_Problem description_. After finding the line containing "- Travel Essential: This" below, please output that line and each following one through the line containing "零陵区扶贫开发办公室2019年度部门决算", exactly as written.

_Excerpted data_.
==================================================

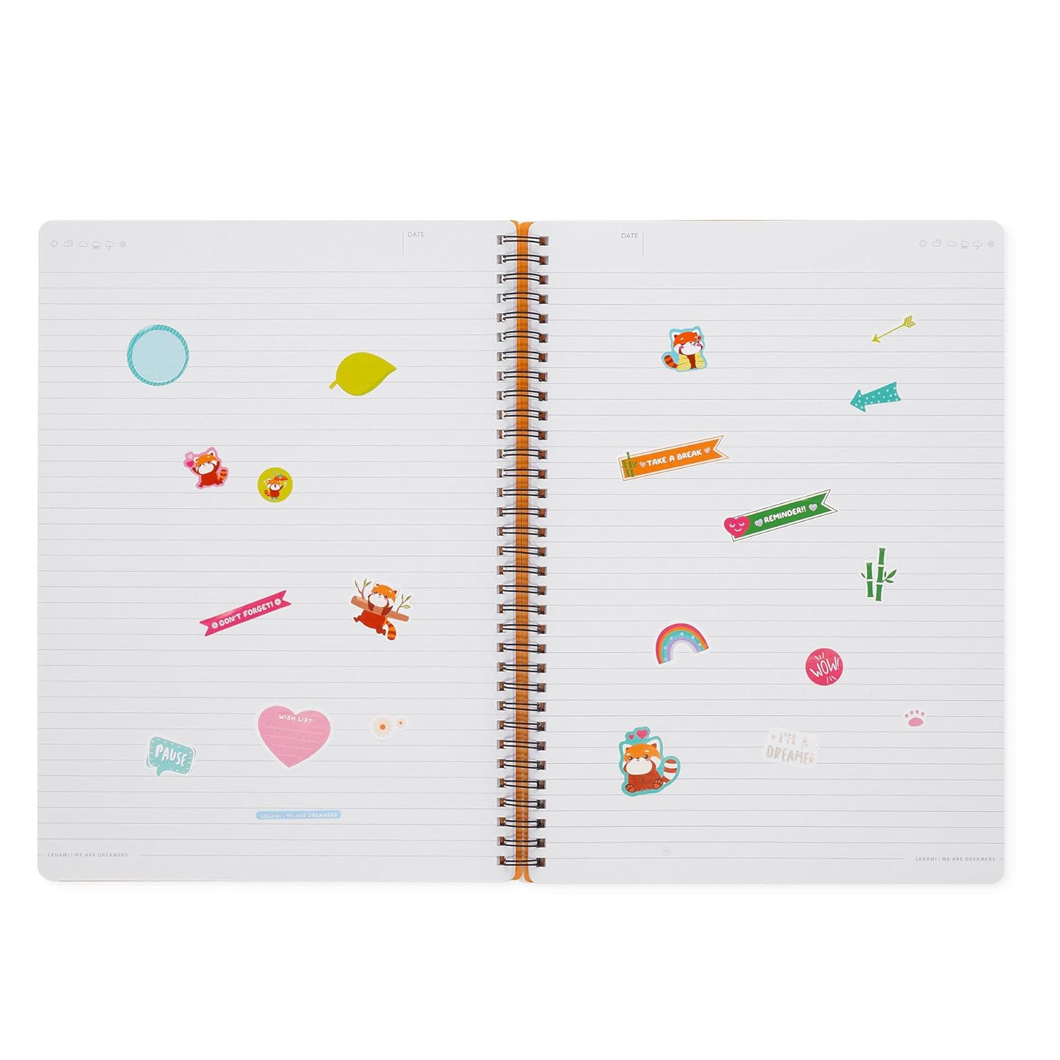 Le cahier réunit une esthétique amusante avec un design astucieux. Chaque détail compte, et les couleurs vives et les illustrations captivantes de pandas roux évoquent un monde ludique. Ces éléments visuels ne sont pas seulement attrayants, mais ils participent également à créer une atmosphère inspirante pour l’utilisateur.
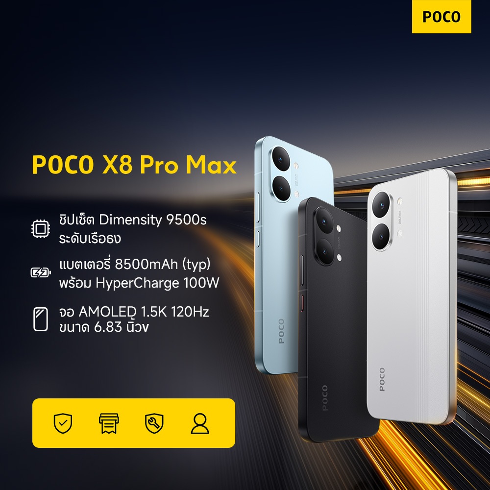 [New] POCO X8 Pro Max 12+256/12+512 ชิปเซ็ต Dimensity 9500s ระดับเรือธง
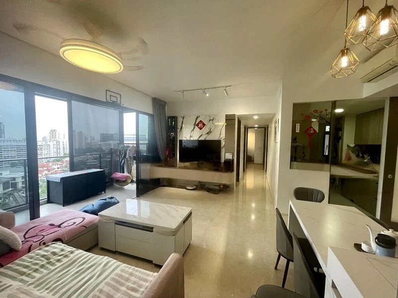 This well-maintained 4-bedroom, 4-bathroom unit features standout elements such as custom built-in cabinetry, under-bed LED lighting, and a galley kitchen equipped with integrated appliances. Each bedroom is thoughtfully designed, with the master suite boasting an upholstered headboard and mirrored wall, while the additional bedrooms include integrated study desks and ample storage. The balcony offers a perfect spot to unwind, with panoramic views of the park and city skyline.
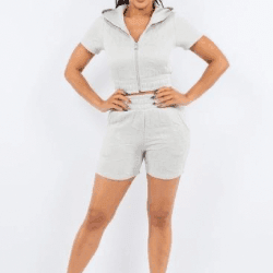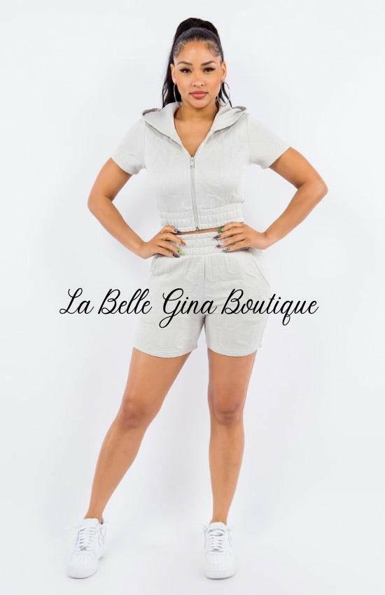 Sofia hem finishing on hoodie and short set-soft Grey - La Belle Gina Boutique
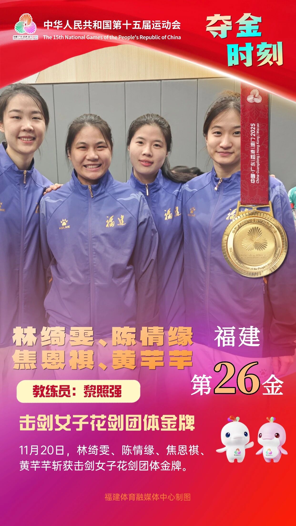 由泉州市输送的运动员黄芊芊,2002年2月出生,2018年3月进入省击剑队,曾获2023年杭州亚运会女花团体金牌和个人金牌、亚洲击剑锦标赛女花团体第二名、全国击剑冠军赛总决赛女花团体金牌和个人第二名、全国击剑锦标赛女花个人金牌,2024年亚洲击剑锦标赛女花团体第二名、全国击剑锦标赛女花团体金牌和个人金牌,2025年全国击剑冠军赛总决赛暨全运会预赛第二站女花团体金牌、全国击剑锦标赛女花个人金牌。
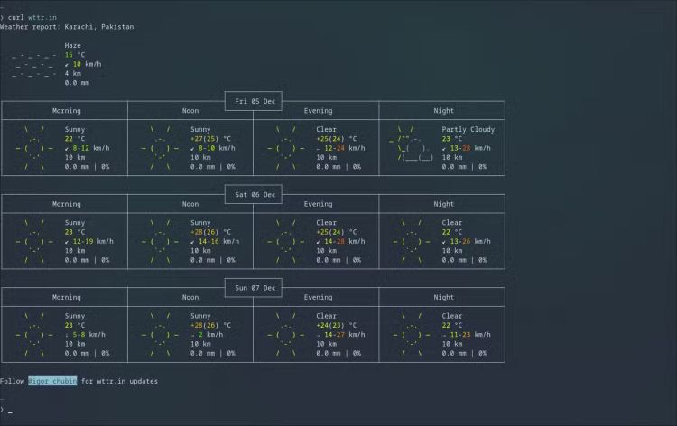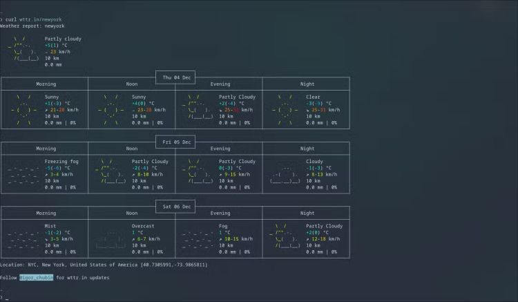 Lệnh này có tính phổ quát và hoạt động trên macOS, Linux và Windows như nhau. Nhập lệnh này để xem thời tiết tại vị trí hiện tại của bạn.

==================================================

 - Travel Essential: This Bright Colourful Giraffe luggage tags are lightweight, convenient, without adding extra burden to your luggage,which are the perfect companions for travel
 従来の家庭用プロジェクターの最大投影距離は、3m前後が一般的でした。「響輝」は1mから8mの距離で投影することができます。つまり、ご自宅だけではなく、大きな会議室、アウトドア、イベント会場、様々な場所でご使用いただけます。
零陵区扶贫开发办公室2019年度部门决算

==================================================

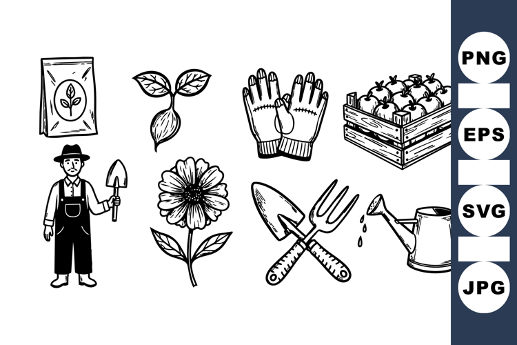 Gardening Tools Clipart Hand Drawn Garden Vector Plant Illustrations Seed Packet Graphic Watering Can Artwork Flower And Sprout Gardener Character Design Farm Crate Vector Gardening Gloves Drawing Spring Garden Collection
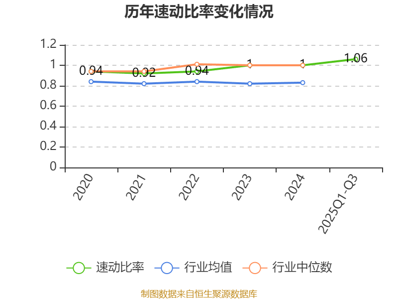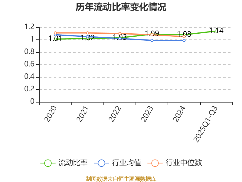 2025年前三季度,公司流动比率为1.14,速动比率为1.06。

==================================================

_Written answer_.
 - Travel Essential: This Bright Colourful Giraffe luggage tags are lightweight, convenient, without adding extra burden to your luggage,which are the perfect companions for travel
 従来の家庭用プロジェクターの最大投影距離は、3m前後が一般的でした。「響輝」は1mから8mの距離で投影することができます。つまり、ご自宅だけではなく、大きな会議室、アウトドア、イベント会場、様々な場所でご使用いただけます。
零陵区扶贫开发办公室2019年度部门决算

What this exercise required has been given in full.